** TASK ITEM **
Quote, exactly, the line holding "Aankondiging van Jazznight" and all lines after it to the end of the records below. Exclude pictures.

[Saved data entries]
....

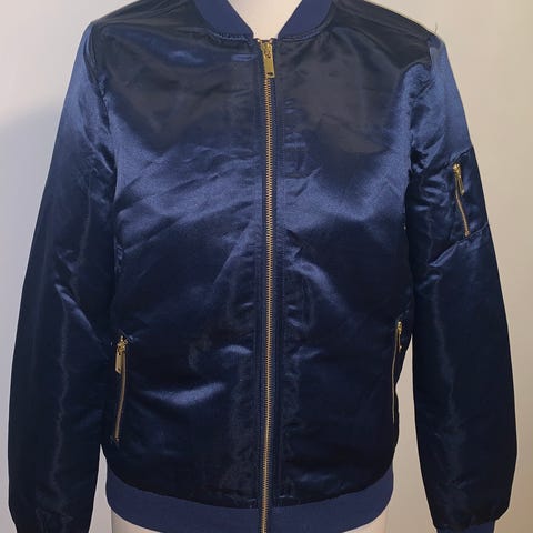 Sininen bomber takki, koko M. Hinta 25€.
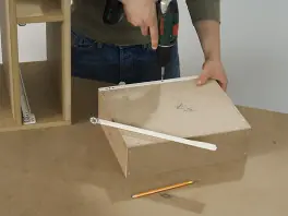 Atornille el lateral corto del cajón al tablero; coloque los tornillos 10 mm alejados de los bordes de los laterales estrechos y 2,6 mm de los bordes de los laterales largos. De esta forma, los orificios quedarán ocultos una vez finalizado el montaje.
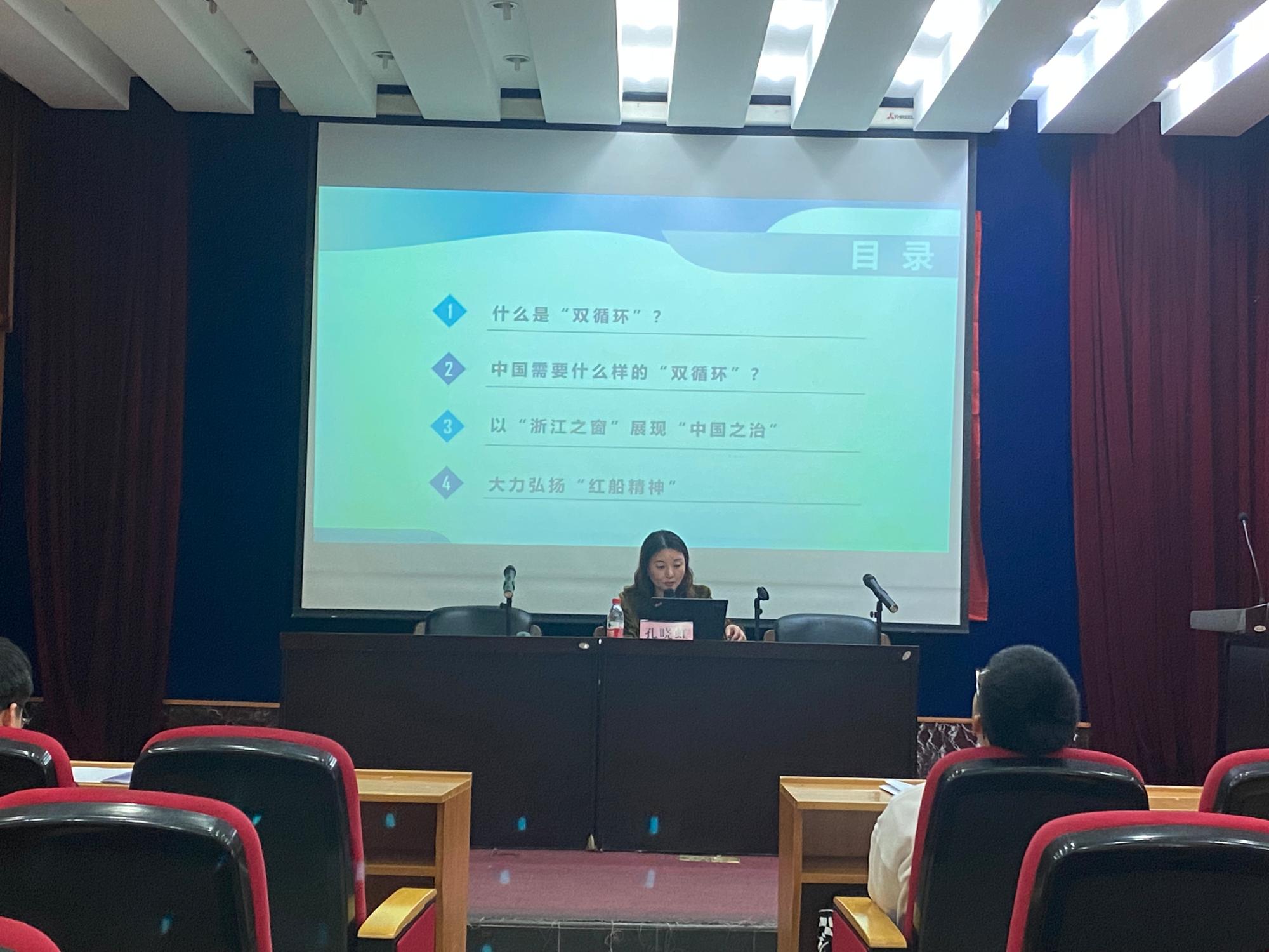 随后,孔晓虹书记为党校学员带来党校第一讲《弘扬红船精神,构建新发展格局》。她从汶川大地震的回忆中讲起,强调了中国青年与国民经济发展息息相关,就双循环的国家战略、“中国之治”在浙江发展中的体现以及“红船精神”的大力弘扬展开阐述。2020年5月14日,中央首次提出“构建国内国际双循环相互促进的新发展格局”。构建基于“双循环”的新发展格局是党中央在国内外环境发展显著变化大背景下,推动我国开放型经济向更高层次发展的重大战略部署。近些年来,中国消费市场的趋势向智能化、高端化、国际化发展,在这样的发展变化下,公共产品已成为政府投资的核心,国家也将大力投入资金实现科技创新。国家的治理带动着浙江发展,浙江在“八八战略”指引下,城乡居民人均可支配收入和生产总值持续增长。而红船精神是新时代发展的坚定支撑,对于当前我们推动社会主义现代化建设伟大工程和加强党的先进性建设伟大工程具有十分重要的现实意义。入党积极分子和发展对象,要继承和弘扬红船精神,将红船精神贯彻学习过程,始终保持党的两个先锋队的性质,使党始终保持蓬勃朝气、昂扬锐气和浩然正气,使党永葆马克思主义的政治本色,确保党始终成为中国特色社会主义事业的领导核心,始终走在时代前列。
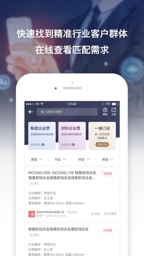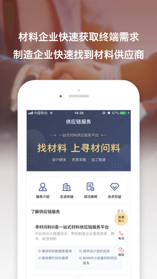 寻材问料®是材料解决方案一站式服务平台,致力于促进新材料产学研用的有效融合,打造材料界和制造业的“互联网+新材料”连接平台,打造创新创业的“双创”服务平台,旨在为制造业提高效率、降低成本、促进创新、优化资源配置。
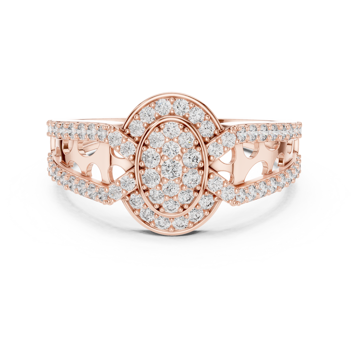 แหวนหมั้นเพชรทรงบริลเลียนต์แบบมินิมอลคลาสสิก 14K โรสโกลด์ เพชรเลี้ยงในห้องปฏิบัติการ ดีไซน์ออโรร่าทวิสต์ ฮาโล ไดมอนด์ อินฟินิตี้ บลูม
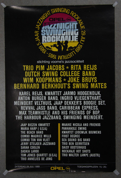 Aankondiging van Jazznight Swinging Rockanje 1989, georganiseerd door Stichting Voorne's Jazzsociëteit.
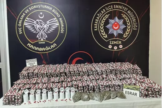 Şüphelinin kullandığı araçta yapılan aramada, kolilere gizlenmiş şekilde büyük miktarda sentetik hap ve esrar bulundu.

....

** YOUR RESPONSE **
 Aankondiging van Jazznight Swinging Rockanje 1989, georganiseerd door Stichting Voorne's Jazzsociëteit.
 Şüphelinin kullandığı araçta yapılan aramada, kolilere gizlenmiş şekilde büyük miktarda sentetik hap ve esrar bulundu.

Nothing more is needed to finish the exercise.